CODEWITHSUNDEEP
javascriptpythonhtmldjangoajax
Valera
Valera

Reputation: 49

How to make two or more AJAX calls in a single Django view

I'm developing personal spending diary and I faced the problem.

For better UX I need to make process of adding new items without reloading page .

I make single ajax form but I need two .

I'm trying to solve this problem for 3 days .

Have anybody any suggestions ?

Here is my

forms.py

     class AddIncome(forms.ModelForm):
        class Meta:
            model = Income
            fields = ( 'title','value',)    

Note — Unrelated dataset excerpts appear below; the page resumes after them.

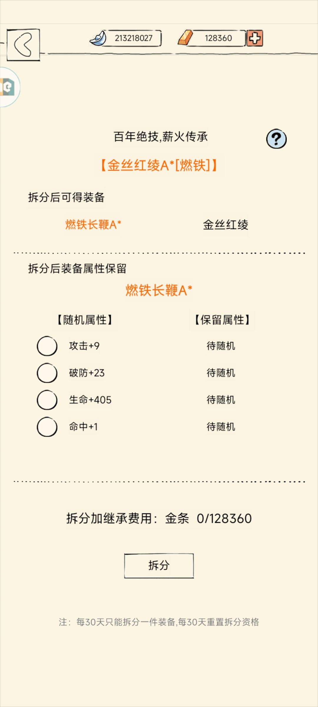 一天一次,下面的属性为比较难出现的属性 武器: 攻击,命中,血量 系数、破甲、穿戴、技能、属性2 因为优先系数和破甲,且出现的种类比较多因此属性2比较难处;现在星纹要求太高,如果出了穿戴-50尽量保留,比如不保留意味着得多升50基础拳进行转换,比较亏 衣服: 防御、生命、闪避、 技能、属性2、穿戴、内力抵抗 比较难出属性2,不吸气的玩家建议不要锁内力抵抗提升属性2出现概率;以前大家都推荐锁住内力抵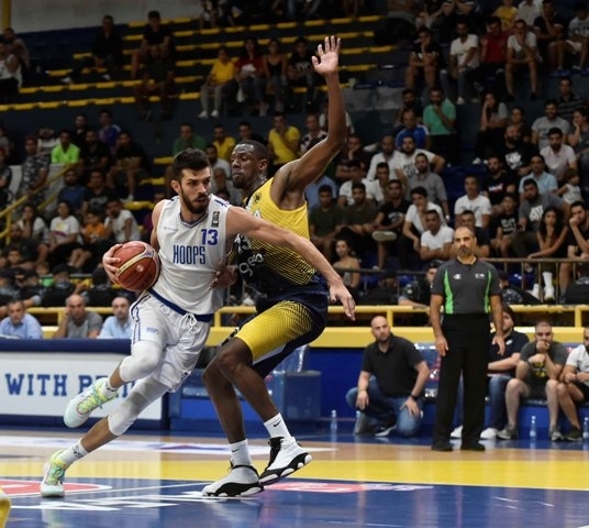 قدم لاعبو هوبس ربع اول رائع فاجأ به لاعبي الرياضي وتقدموا من البداية في ظل اداء دفاعي مميز، أجبر بطل لبنان على ارتكاب "التيرن اوفر" 7 مرات، وبروح قتالية عالية، وهو ما يٌكتب للاعبي المدرب جاد الحاج الذين انهوا الربع الاول (20 – 12)، ليعمد المدرب احمد فران الى الدفع باسماعيل احمد ووائل عرقجي لتعديل الامور والسير بفريقه على سكة الفوز الثاني في الدورة، ولكن الامر لم يكن سهلاً حيث واصل لاعبو هوبس اداءهم بتركيز عالٍ ومبادلة الفريق الاصفر التسجيل وانهاء الشوط الاول للقاء لصالحهم بفارق 5 نقاط (43 – 38)، مع دور بارز لعلي منصور وكريم زينون وحبيب عبد لله وغبريال صليبي على حساب زملائهم الاجانب.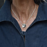 Necklace in recycled sterling silver with a pendant shaped like an anemone, featuring oxidized stamens.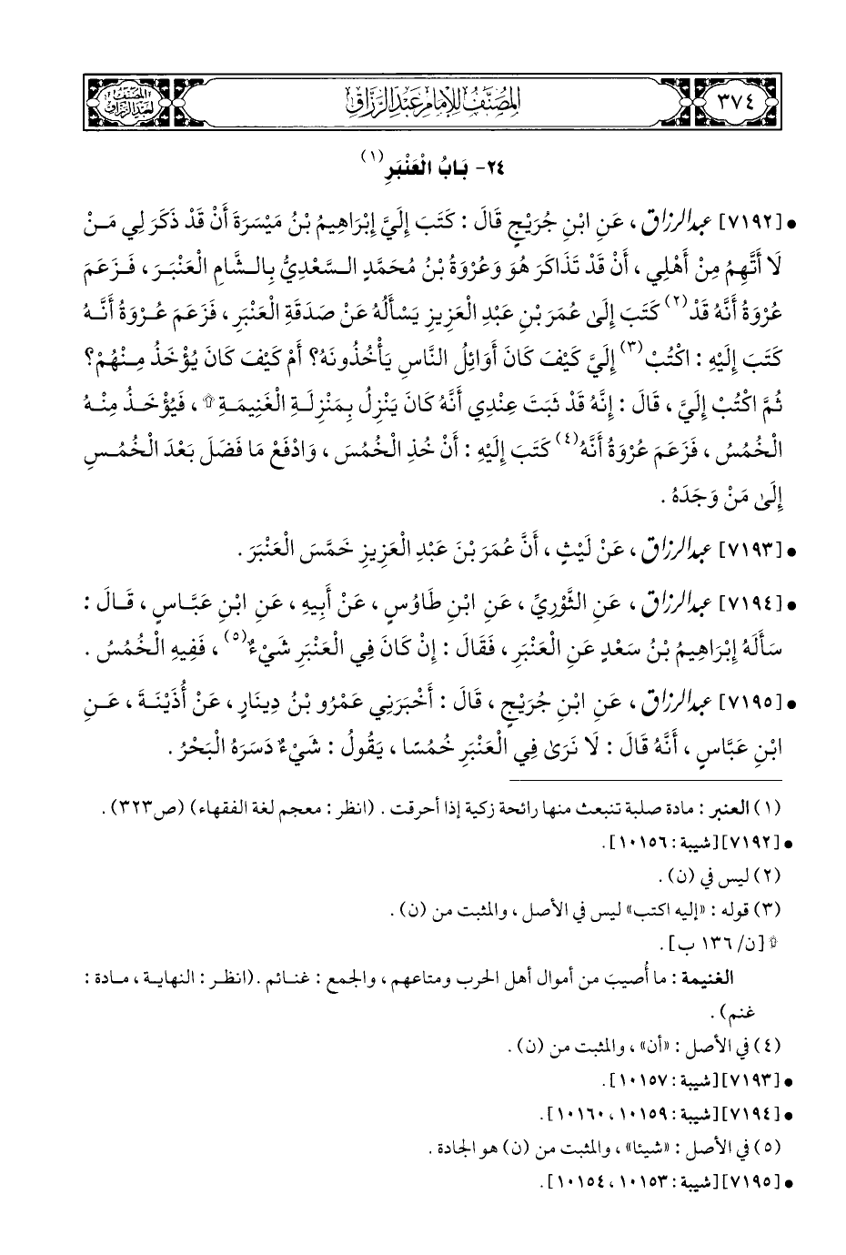 • [٧١٩٢] عبد الرزاق، عَنِ ابْنِ جُرَيْجٍ قَالَ: كَتَبَ إِلَيَّ إِبْرَاهِيمُ بْنُ مَيْسَرَةَ أَنْ قَدْ ذَكَرَ لِي مَنْ لَا أَتَّهِمُ مِنْ أَهْلِي، أَنْ قَدْ تَذَاكَرَ هُوَ وَعُرْوَةُ بْنُ مُحَمَّدٍ السَّعْدِيُّ بِالشَّامِ الْعَنْبَرَ، فَزَعَمَ عُرْوَةُ أَنَّهُ قَدْ (¬٢) كَتَبَ إِلَى عُمَرَ بْنِ عَبْدِ الْعَزِيزِ يَسْأَلُهُ عَنْ صَدَقَةِ الْعَنْبَرِ، فَزَعَمَ عُرْوَةُ أَنَّهُ كَتَبَ إِلَيْهِ: اكْتُبْ (¬٣) إِلَيَّ كَيْفَ كَانَ أَوَائِلُ النَّاسِ يَأْخُذُونَهُ؟ أَمْ كَيْفَ كَانَ يُؤْخَذُ مِنْهُمْ؟ ثُمَّ اكْتُبْ إِلَيَّ، قَالَ: إِنَّهُ قَدْ ثَبَتَ عِنْدِي أَنَّهُ كَانَ يَنْزِلُ بِمَنْزِلَةِ الْغَنِيمَةِ *، فَيُؤْخَذُ مِنْهُ الْخُمُسُ، فَزَعَمَ عُرْوَةُ أَنَّهُ (¬٤) كَتَبَ إِلَيْهِ: أَنْ خُذِ الْخُمُسَ، وَادْفَعْ مَا فَضَلَ بَعْدَ الْخُمُسِ إلَى مَنْ وَجَدَهُ.

    class AddExpence(forms.ModelForm):
        class Meta:
            model = Expence
            fields = ( 'title_exp','value_exp',)

Here is full

views.py



    def dashboard(request):
    if request.method == 'POST':
        if request.is_ajax():
            addincome = AddIncome(request.POST)
            if addincome.is_valid():
                addincome.cleaned_data
                addincome.save()
                latest = Income.objects.latest('id').id
                income_object = model_to_dict(Income.objects.get(pk=latest))
                return JsonResponse({'error': False, 'data': income_object})
            else:
                print(addincome.errors)
                return JsonResponse({'error': True, 'data': addincome.errors})
        else:
            error = {
                'message': 'Error, must be an Ajax call.'
            }
            return JsonResponse(error, content_type="application/json")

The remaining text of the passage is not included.